Y el posadero suspiró y apuntó malamente los tres nombres, sin más señas. Y se retiraron los sabios a dormir. Gushnasaf y Hormisdas se rindieron pronto al sueño, pero Larvandad, de los tres el más benévolo, no lo conciliaba. Decidió, para no dar más vueltas en el catre, ocupar la noche en la observación de aquel pueblo tan desproporcionado y activo. Acodado en la ventana vio llegar a una joven pareja en una mula. Llevaban los mantos cubiertos de nieve. Llamaron a las puertas de todas las posadas y en todas los rechazaron. Al final se metieron en el enorme establo. Como no tenía puertas, Larvandad pudo ver cómo se arrebujaban al calor de la acémila que traían y del buey que allí se guardaba. El sabio se adormiló y pasaron algunas horas. Lo despertó un llanto suave. La mujer acababa de dar a luz y sostenía a su hijo en brazos, envuelto en una manta de lana blanca. Había miedo y frío en las caras de los padres, pero sonreían como Larvandad no había visto sonreír a nadie.

El sabio no conocía la pobreza, así que salió de la taberna y se acercó al establo, curioso. Tampoco había visto a muchos recién nacidos, ni a muchas madres sonrientes, pues ni unos ni otros se admitían en el harén de su señor. Se quedó observando desde la oscuridad, sin entender la alegría de aquellos seres fatigados, hambrientos y mordidos por el frío. El padre preparó una cuna para el niño en un cajón de heno y, mientras tanto, Larvandad mandó a un sirviente a buscar a Gushnasaf y Hormisdas, que debían observar aquél fenómeno. Y los tres se extasiaron ante aquella escena misteriosa. Y aunque eran orgullosos y no se llevaban muy bien, los tres se emocionaron ante aquel cuadro, más verdadero que todos sus libros de ciencia y que todo el oro de su señor. Y mientras espantaban alguna lágrima con el dorso de los guantes de borrego armenio, llegó un funcionario de Herodes y pidió la familia una identificación y el pago de una tasa municipal. Era un perillán mezquino y altivo. Larvandad, irritado al ver estorbada aquella escena idílica, pidió a los mayordomos que le trajeran el cofre de oro y, por humillar al funcionario, lo entregó a la familia del establo. Los vecinos del lugar empezaron a congregarse y Hormisdas sumó al tributo una cajita de incienso, por mitigar un poco el fuerte olor de aquellos rústicos. Gushnasaf, que no quería ser menos, aportó un saquito de mirra. No tenía mucha utilidad allí, pero igual la podían revender a buen precio.

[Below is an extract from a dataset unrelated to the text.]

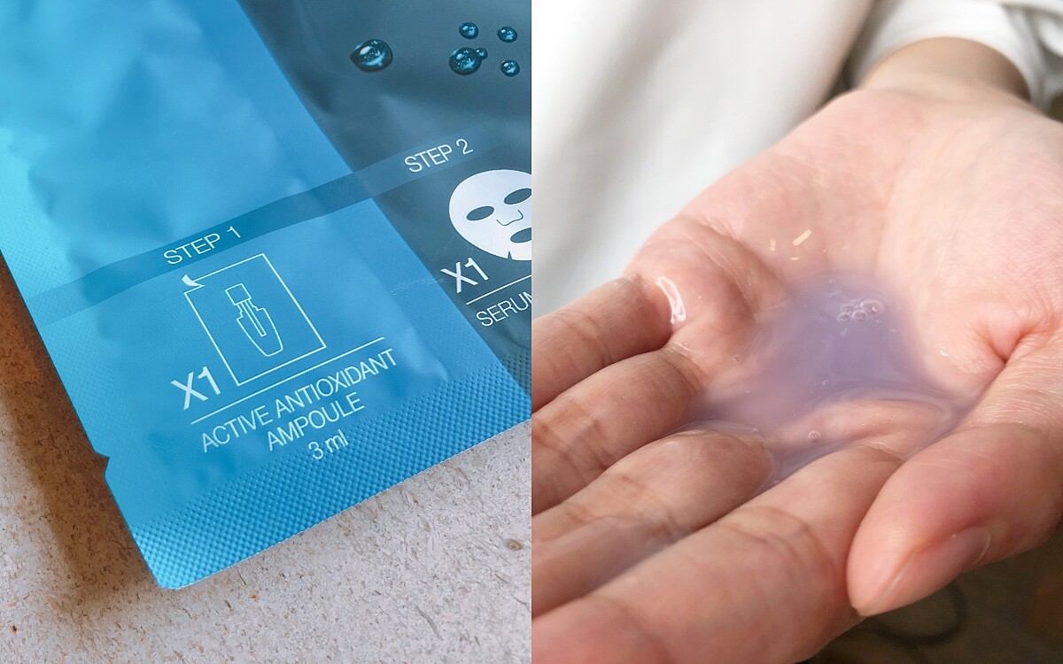 小黑安瓶配方中最厲害的就是主打修護的阿魏酸與高濃度維生素E,正是這次「超進化肌因雙效安瓶面膜」第一步驟要擦上的精華成分。在敷臉前將精華均勻塗抹於全臉,舒緩肌膚不穩定。

Y en el momento en que los tres sabios estaban arrodillados frente al niño y el funcionario se retiraba gacho hacia el castillo, la estrella vino a posarse sobre el portal y una voz profunda anunció que el niñito aquél era el rey de los judíos. Los astrólogos, preocupados por las posibles implicaciones políticas que se derivarían de aquello, se retiraron del lugar entre los aplausos de la concurrencia.

Cada uno de ellos se llevó una brizna de paja del cajón del niño y la guardó siempre. Y se sabe que renunciaron a la astrología y a Fraates IV, y que abrazaron la vida sencilla. Y que se casaron y tuvieron muchos hijos, sobre todo ?y haciendo honor a su nombre? el robusto Gushnasaf.